I couldn’t shut my eyes any longer. I had to come to terms with the unpalatable fact that hubby dear had fallen for another’s charms, and that too after just 2 years. (I could probably have -just probably-condoned a 7 year itch!) The weekends stopped being lazy, enjoyable days spent curled up cosily with our respective books or re-reading a much loved Wodehouse together. Sout thought nothing of interrupting our cosiness any time of the day, and once she started to hold sway, everything else was a blur to my hubby.

My nasty side started surfacing. I would be openly sarcastic and bring the conflict into the open. My hubby ’s reactions to my accusations went from- "Don’t be ridiculous!" to "Stop being so melodramatic!" to "You must be joking! Do you mean to tell me you are jealous of HER?!" and finally to a guilty, defensive "Everybody does it!!

Dear readers, do you know who my Sout is?
Our television set.

These days when we enter our home, hubby dearest reaches not for the light swith, but the tv switch!
He neither drinks nor smokes, but he suffers from withdrawal symptoms- when our cable operator (I LOVE that guy) switches off., which is quite often , BLESS him.
He gives pleading looks and winsome smiles to get me to search his misplaced/lost stuff , passing me dirty looks and nasty comments if I refuse pointblank. But he can be more diligent than a police dog when it comes to searching for the remote, and by now he knows better than to ask my help in that!

GRRRRRR! I would have done anything to get rid of the dratted idiot box, but I would have given my soul to get rid of the remote! For folks, I can put up with watching the news at 9, the news at 9.20, the news at 9.40 at 10 etc but I draw the line at having to catch a glimpse of CNN, NDTV, HBO, Star Movies/Sports Mallu news channels, mallu GE channels, and sometimes just a blur on the screen and a loud drone in our living room, which once upon a time used to be full of chat , laughter or melodious music.
But, God decided that He values my soul.

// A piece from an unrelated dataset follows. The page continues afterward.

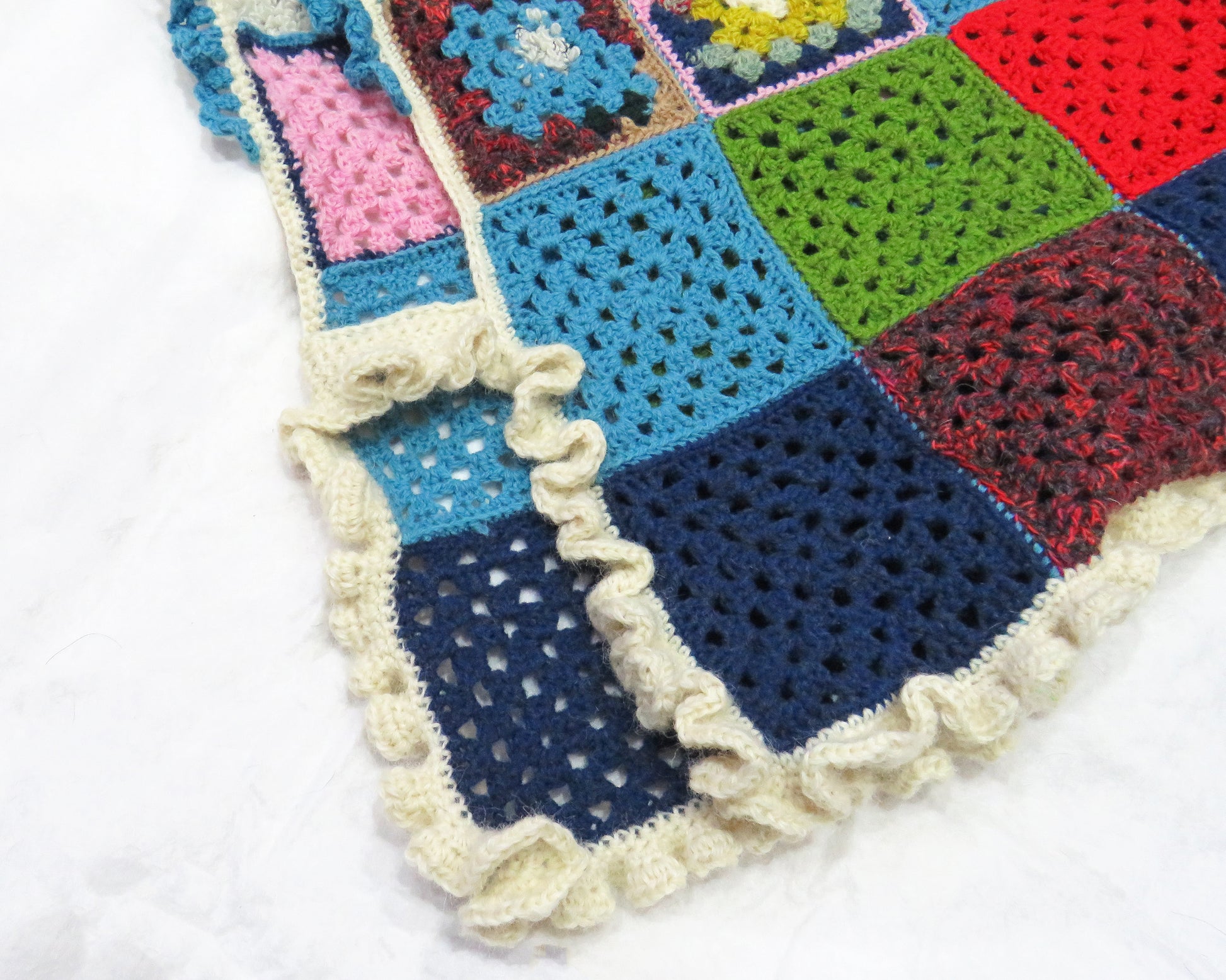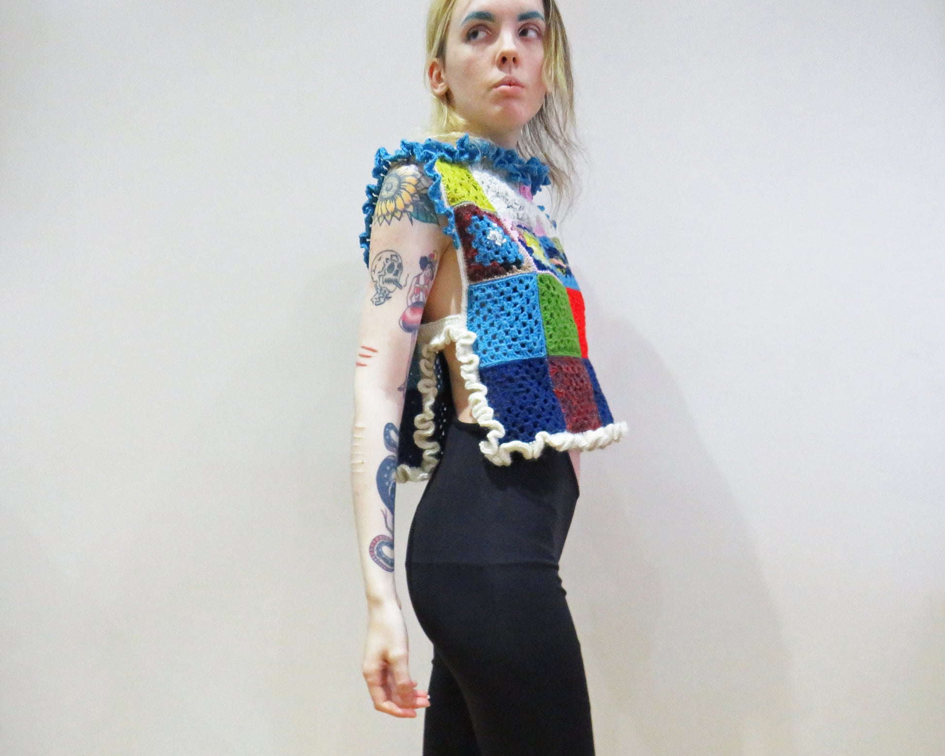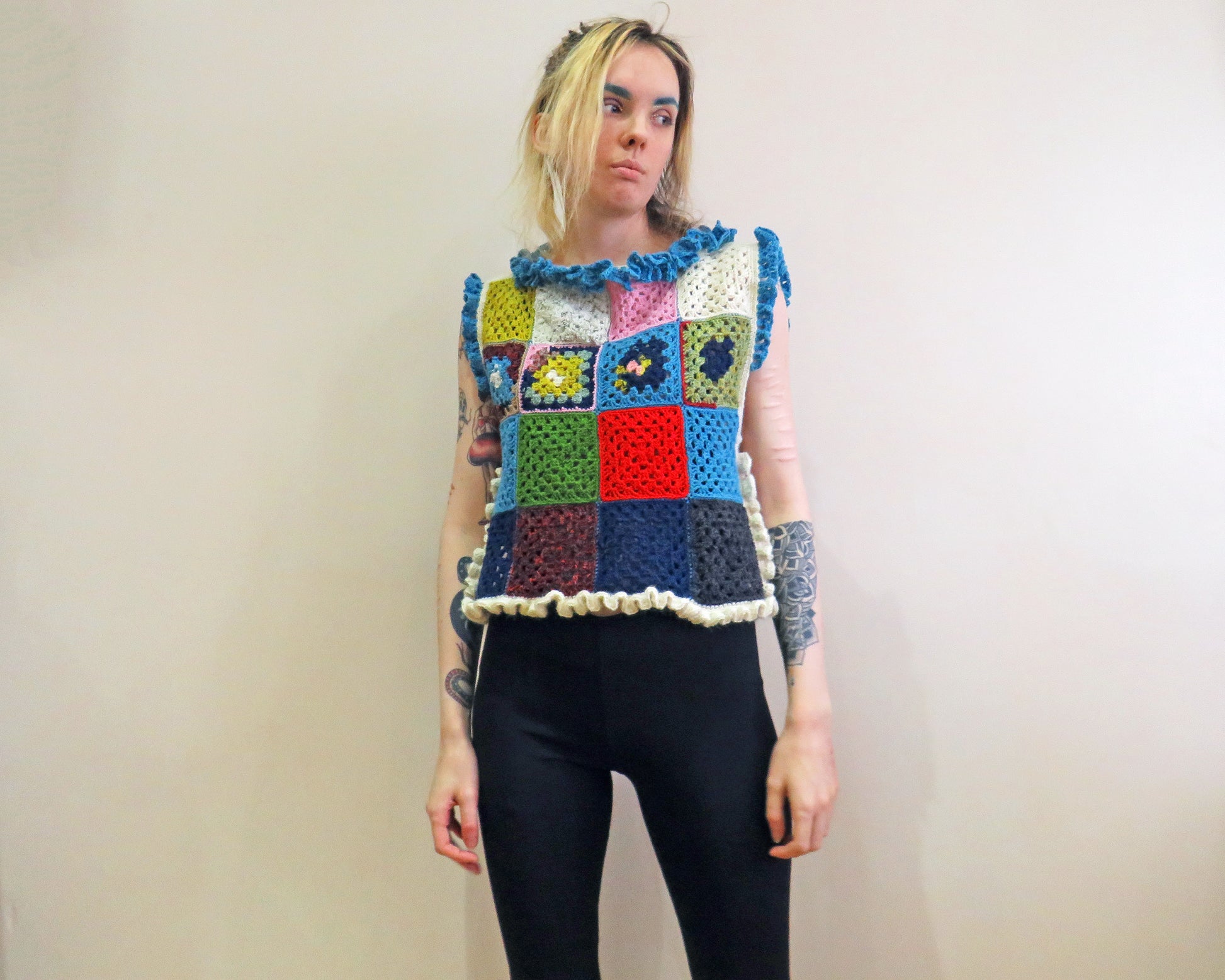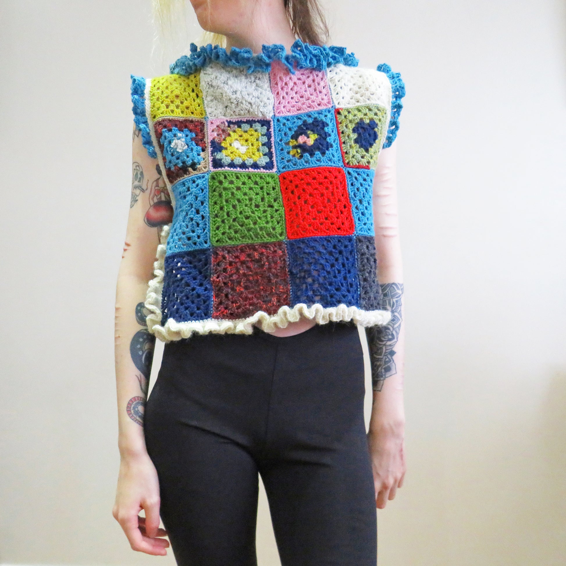The sweater vest is made from joined granny squares with an exaggerated ruffle neck. The side seams are open and ruffles run around the entire bottom of the vest. There are faux capped sleeves also made from crocheted lace ruffles.
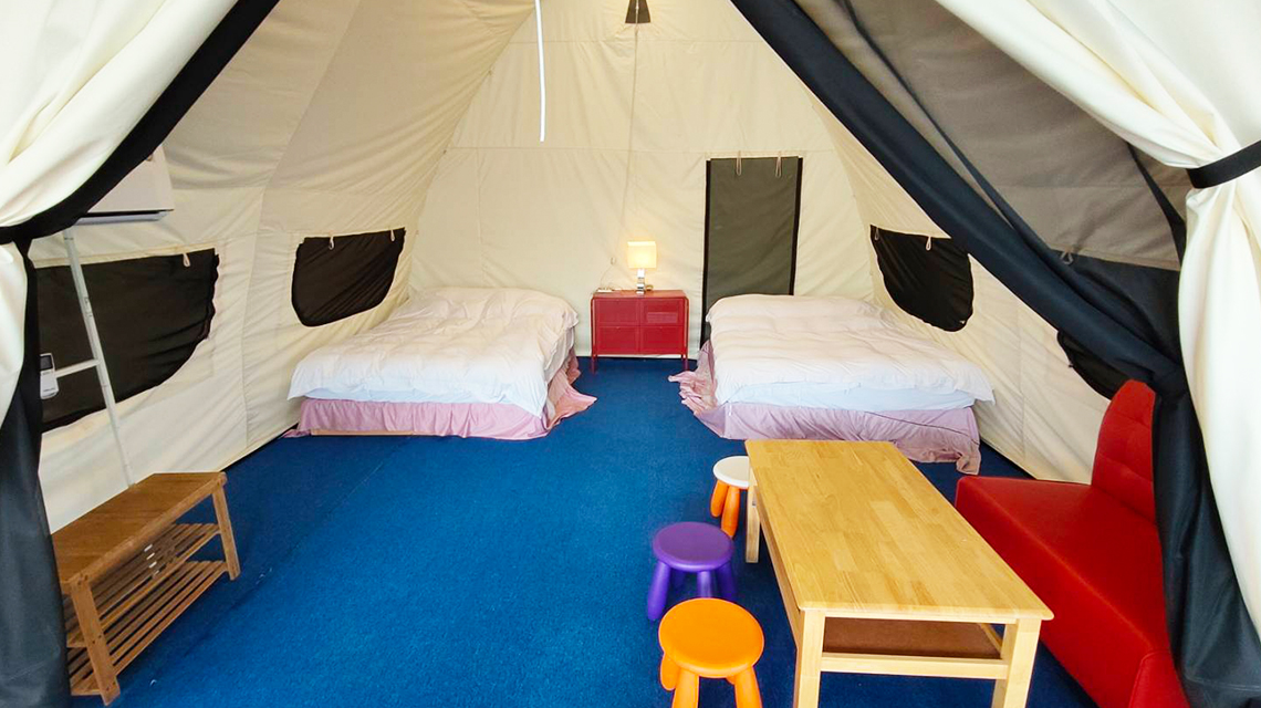 ※ 帳篷內皆附有:2張雙人床、飯店級棉被組、電視、冷氣、室內桌椅、床頭燈、照明燈、獨立插座、含衛浴、吹風機。

For we have been blessed with a little son- our little bundle of joy. And that little gentleman being his father’s son, of course took to TV like a duck to water. And he has a mind of his own, and very strict ideas of what to watch and not to watch.
So now once again peace reigns at home, for all of us sit and watch Pogo or Disney or Cartoon Network in cosy togetherness. And the remote is a useless rectaangular piece in my husband’s hands.